Although some commentators see Hungary’s ruling nationalist-conservative Fidesz party as far-right, they are not in either far-right grouping.
Most far-right parties have traditionally sought to challenge the EU as a supranational force, and many still do.
But Ms Meloni’s party has left behind its “once vehement opposition to Brussels”, says Prof Leila Simona Talani of King’s College London. Her European Election manifesto says “we want Europe to be a political giant with a leading role internationally”.
Meanwhile, Austria’s Freedom Party (FPÖ) is fighting its election campaign on the slogan “Stop EU madness”, against a backdrop of Volodymyr Zelensky kissing the president of the European Commission and buzz phrases such as “asylum crisis”, “eco-communism” and “corona-chaos”.
Despite a succession of national scandals, FPÖ leader Herbert Kickl is leading the EU election polls and could win national elections in the autumn.
Eurosceptic rhetoric remains widespread on the far right, but there is less talk now of leaving the EU.
Geert Wilders’ Freedom Party did back a Dutch “Nexit” referendum to leave the EU but now says: “I see there’s no longer support for a Nexit in the Netherlands”.
The same goes for The Finns Party, which does not actively seek a Finnish exit, or “Fixit” from the EU any more: “It is not realistic that Finland would unilaterally leave the EU” in the near future, it says.
Sweden Democrats leader Jimmie Akesson has not dropped the idea completely, and wants to remove Sweden’s EU membership from its constitution.
Marine Le Pen has never been a fan of the EU either, but she no longer talks of leaving it. She has sought to accuse its officials of “promoting Islamism and wokeism” and of seeking to scrap Europe’s borders. Her party is now led by Jordan Bardella, who is number one on the EU election list. But a former boss of the EU’s Frontex border agency, Fabrice Leggeri, is at number three.
How this patchwork of nationalist politics plays out in the European Parliament after the votes on 6-9 June is hard to predict.
But the parties on the far right are far better organised than before, as the Madrid rally showed.

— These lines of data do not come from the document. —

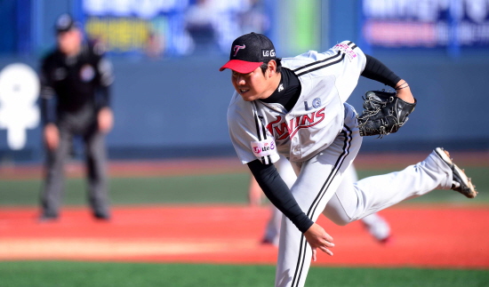 | ▲ 19일 오후 경남 창원 마산야구장에서 열린 2014 프로야구 준플레이오프 1차전 NC 다이노스와 LG 트윈스의 경기에서 1회말 LG 선발 류제국이 역투하고 있다. | ||
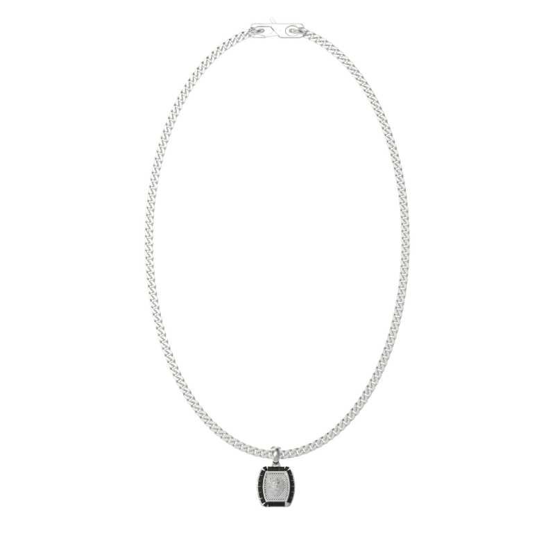 Tento elegantní pánský náhrdelník značky Guess je vyroben z kvalitní oceli, která zaručuje trvanlivost a styl. Dominantou je přívěsek v podobě hlavy lva, osazený černými krystaly, které dodávají šperku jedinečný nádech. S délkou 54 cm a průměrem přívěsku 1,6 cm se skvěle hodí k různým outfitům....
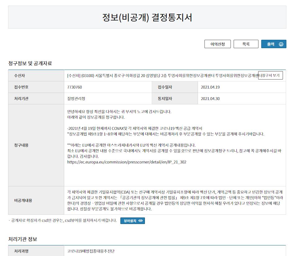 EU와 미국의 경우 계약서의 주요 부분을 가리고 공공에 공개하고 있습니다. 이에 정보공개센터에서는 질병관리청에 백신 계약 현황에 대한 정보공개청구를 했지만, 우리 정부는 그마저도 공개할 수 없다고 답했습니다. 이유는 '각 제약사와 체결한 기밀유지협약(CDA) 및 선구매 계약서상 기밀유지조항에 저촉되기 때문'이라는 것입니다. 계약서 유무나 형태라도 공개한 나라들에 비해 실체조차 '비공개'로 일관하는 것은 백신 정책에 대한 신뢰를 오히려 저해하는 과도한 비공개 결정입니다.
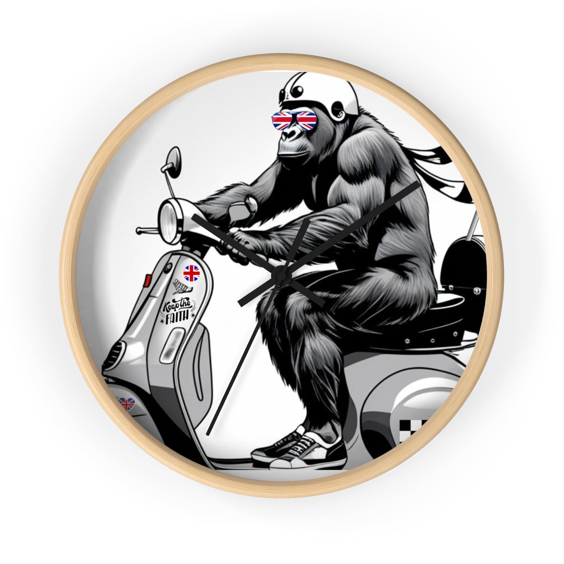 Gorilla Scooter Wall Clock - Fun Home Decor, Unique Gift for Animal Lovers, Retro Vibes, Motorcycle Decor, Office Wall Art
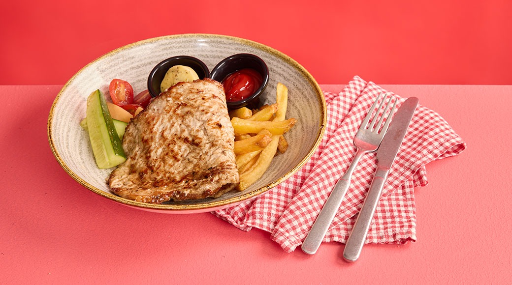 Porsaan lehtipihvi, italialaista maustevoita, rapeita ranskalaisia perunoita, kurkkutikkuja, melonia ja kirsikkatomaattia
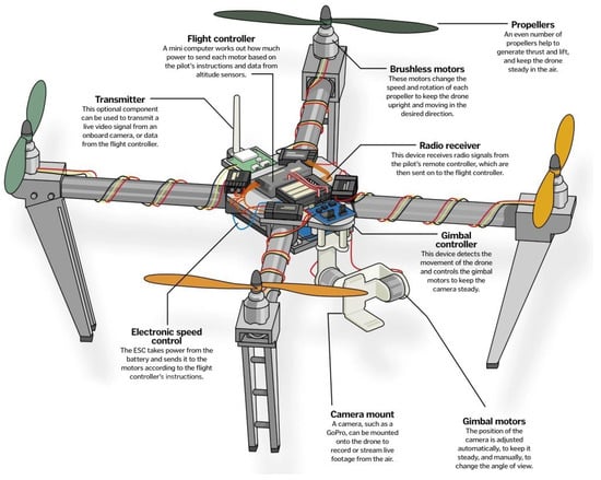 - Vergouw, B.; Nagel, H.; Bondt, G.; Custers, B. Drone technology: Types, payloads, applications, frequency spectrum issues and future developments. In The Future of Drone Use: Opportunities and Threats from Ethical and Legal Perspectives; Springer: Berlin/Heidelberg, Germany, 2016; pp. 21–45. [Google Scholar] [CrossRef]

Even Argentina’s President Javier Milei was there.
“It’s part of a long trajectory [for the far right] to form international ties and international networks,” says Matthias Dilling.
The question is whether they have the same ambition as Giorgia Meloni.
“I want to try something that’s not easy but fascinating, to repeat in Europe what we’ve achieved in Italy,” she told Italian TV.